The single biggest constant-factor win when primes are fixed is precomputing the prefix-product inverses so the inner loop is multiply-add only.


Best Practices

  • Reduce residues first: r_i ← r_i mod p_i before any digit solve.
  • Precompute prefix-product inverses when the primes are fixed (NTT/RNS); the per-reconstruction loop then has no inverse calls.
  • Choose the assembly to match the need: big integer only if you truly need the exact value; otherwise assemble mod M and stay in machine words.
  • Keep modInverse a tested helper: most subtle bugs live in the inverse or the sign normalization.
  • Verify pairwise coprimality once, loudly; the failure is silent otherwise.
  • Test against brute-force CRT on random small inputs, and against the classic CRT formula for a few cases to cross-check.

Visual Animation

See animation.html for an interactive view.

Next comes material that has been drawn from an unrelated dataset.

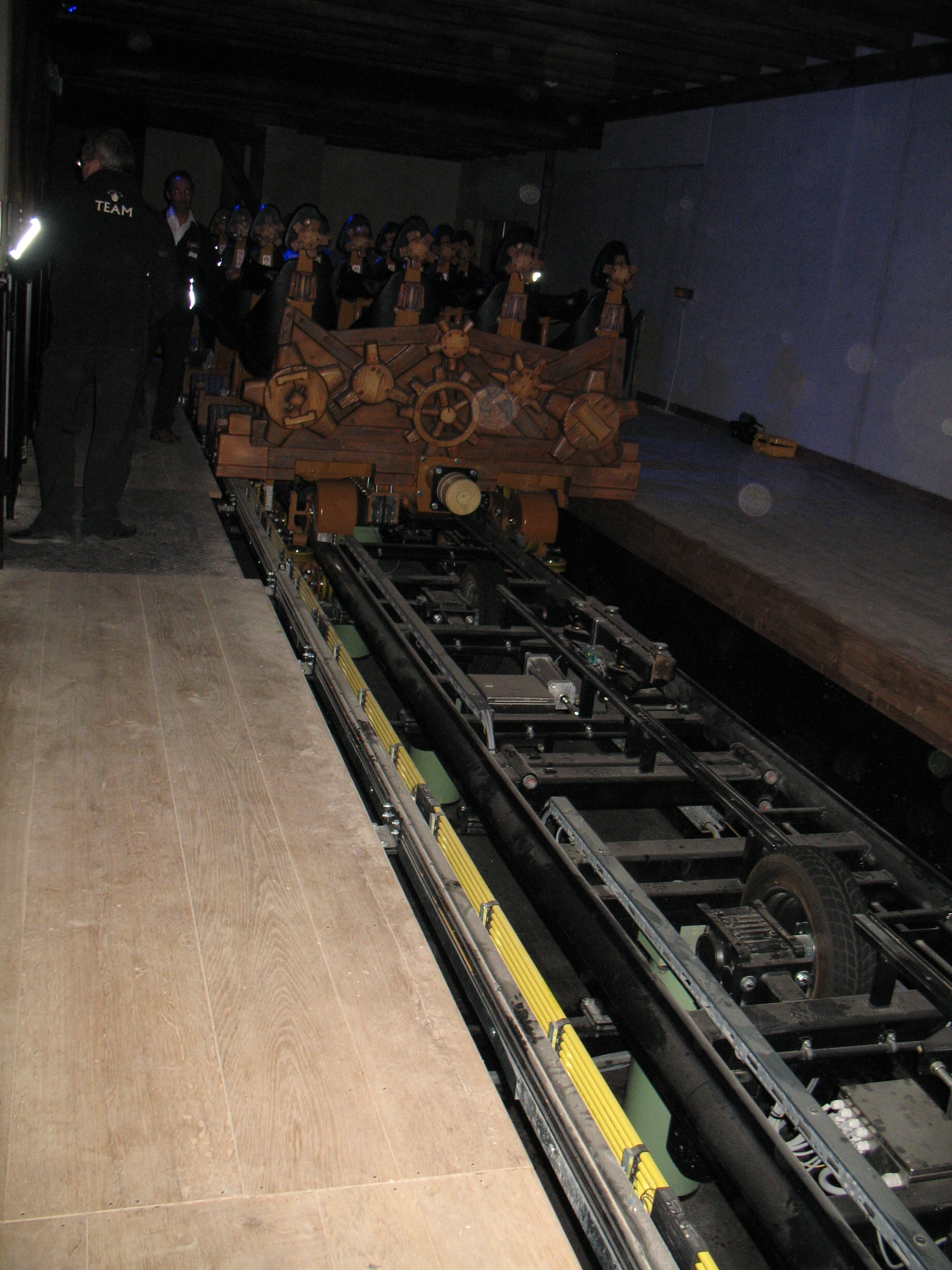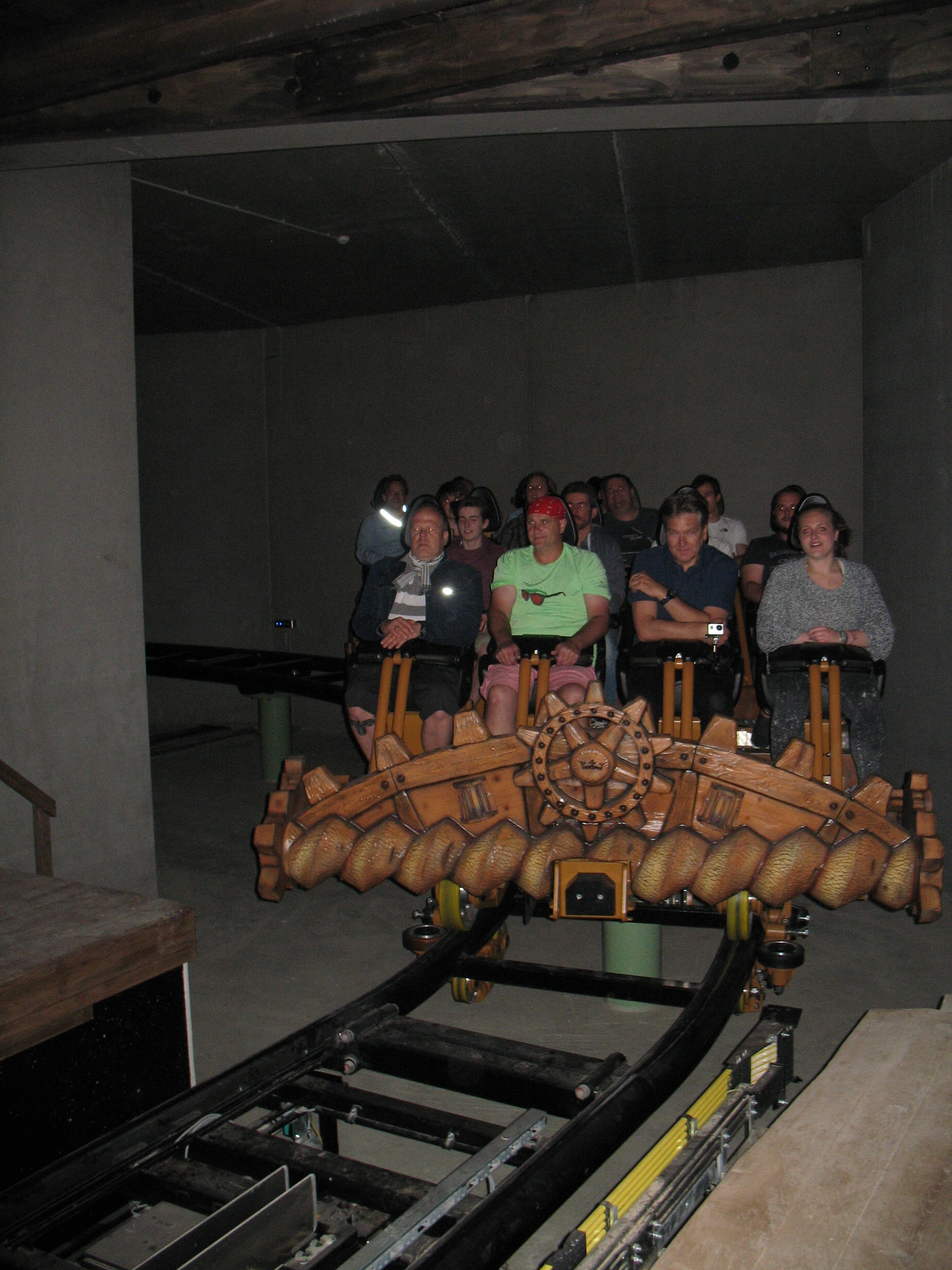 Im vierten Raum befindet sich am Ende von ein paar Stufen eine Tür. Wenn diese sich öffnet holt ein Mitrabeiter 16 Personen (oder weniger und füllt aus der Single Rider Schlange auf) in den Gepäckraum.

The middle-level animation highlights: - Editable residues r_i and primes p_i. - Each digit a_i computed in turn: subtract the partial reconstruction, multiply by (W_i)^{-1} mod p_i. - The running reconstructed value a_0 + a_1 p_0 + a_2 p_0 p_1 + … growing step by step, alongside the prefix-product weights.


Summary

Garner's mixed-radix reconstruction solves the digits a_i sequentially, each from one modular inverse of a prefix product taken mod p_i, so every digit-solve stays single-prime sized. You can then assemble the full big integer x = Σ a_i W_i or, more cheaply, assemble only x mod M with no big integers at all — the standard move when combining multi-prime NTT results (13-ntt). Compared with the classic CRT summation formula (05-crt), Garner never forms the giant P/p_i terms, is naturally incremental, and needs no final reduction mod P. It is also the exit door from a Residue Number System: do bulk carry-free componentwise arithmetic in residue space, then Garner-reconstruct the magnitude exactly when you need it. The whole reconstruction is O(k²), dominated by the digit solve (small numbers) plus the optional big-integer assembly.